Reclaiming Identity by the Water's Edge

>> Sunday, June 14, 2015

A.S. Pradhan | June 14, 2015

I'm going today to the water's edge
To a secluded spot behind the hedge
To meet with someone I haven't seen
Since when I was barely a teen

The rat race has kept him busy
Finding time has never been easy
With goals set high wherever he went
Working hard but rarely content

One dream achieved, another arrived
The daily grind, no pleasure derived
Morning, noon and night ended
With heart's desire unattended

Now we only care for things blue chip
Always on the go for one-upmanship
We've become strangers with little time
Yet embrace strangers if they have dime

I wonder if he'll today recognize me
If he'll remember the Mahua tree
Where as little boys we played and rested
Those little pleasures have now been bested

We've come far from years ago
Can't get those years back, we all know
Years ago I was him and he was me
Inseparable, we let the world just be

People now look at me like a big shot
But my identity has vanished in a melting pot
So today I reached the water's edge
Just to be reminded of my youthful days

He was already there, sitting under a tree
It looked like he was eager and free
Upon hearing me arrive, when he turned to me
I was staring at the stranger that was me

So, by the water's edge today
In the banks of English Bay
I talked with a stranger that once was me
And I reclaimed my identity

Have you ever lost your identity? Have you seen it vanish in the melting pot? Then go to the water's edge, have a little conversation with yourself, and reclaim it and find yourself again.

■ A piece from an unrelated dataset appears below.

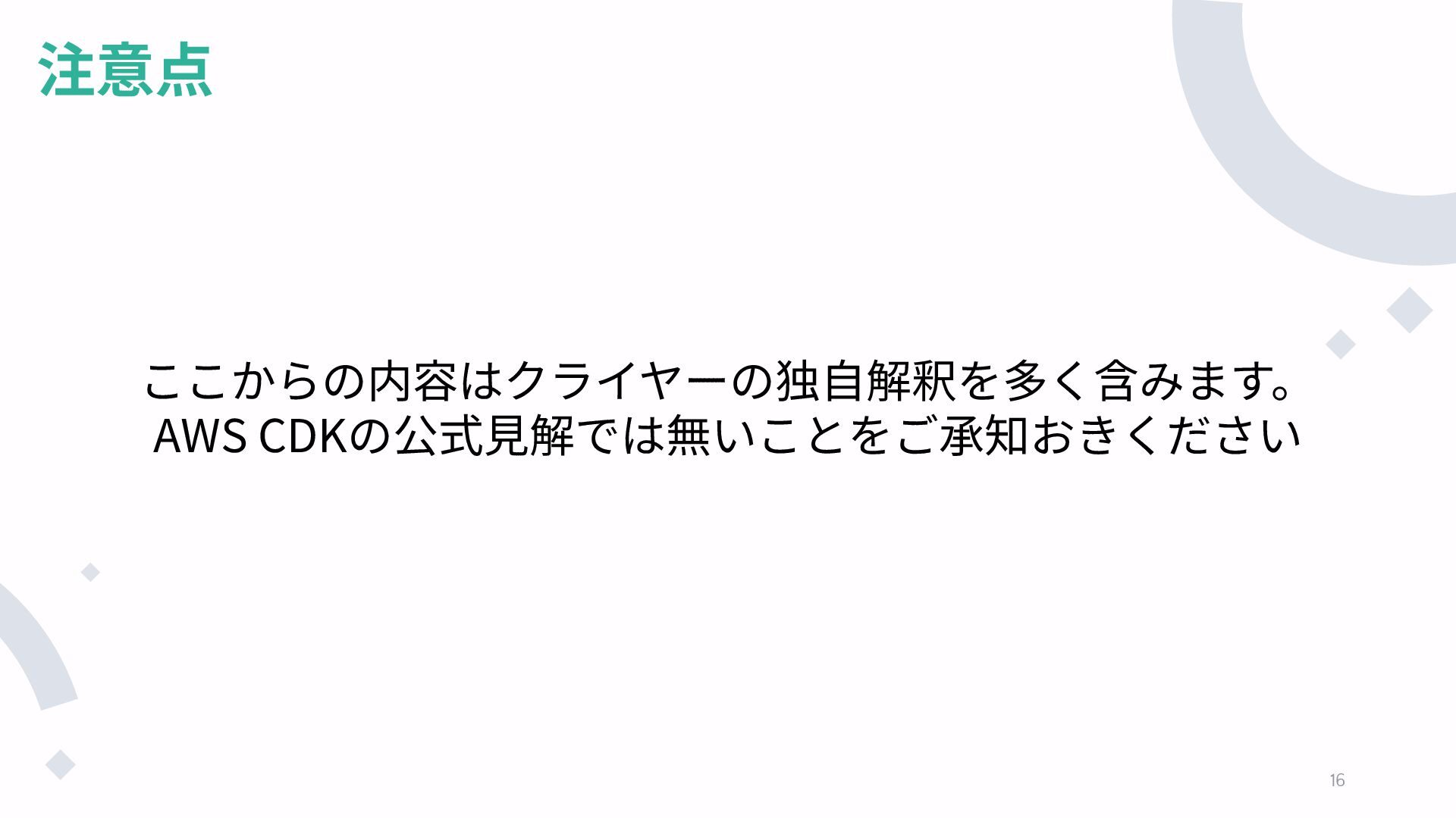 注意点 16 ここからの内容はクライヤーの独⾃解釈を多く含みます。 AWS CDKの公式⾒解では無いことをご承知おきください

Anonymous September 17, 2015 at 8:11 AM  

Identity is an illusion. Unburden yourself of this useless talisman. You will become supple and open to all people.

Why restrict yourself to a temporal sense of continuity. Forwards or backwards, there is nothing to reclaim. Tomorrow you could be anyone and experience the world in a completely different way; That is, if you are capable of leaving the past behind and not identifying with your previous experiences.

Pride, nationalism, arrogance, judgement of the other - all of these toxic concepts exist relative to the viewer's conception of himself.

It is a trip when you have no identity, or have been denied one by ambiguity. At first I sought one out, but eventually I realized that the individual transcends the categorical nature of language and thought. Now it seems increasingly absurd when I see the people moving their avatars across the board of life.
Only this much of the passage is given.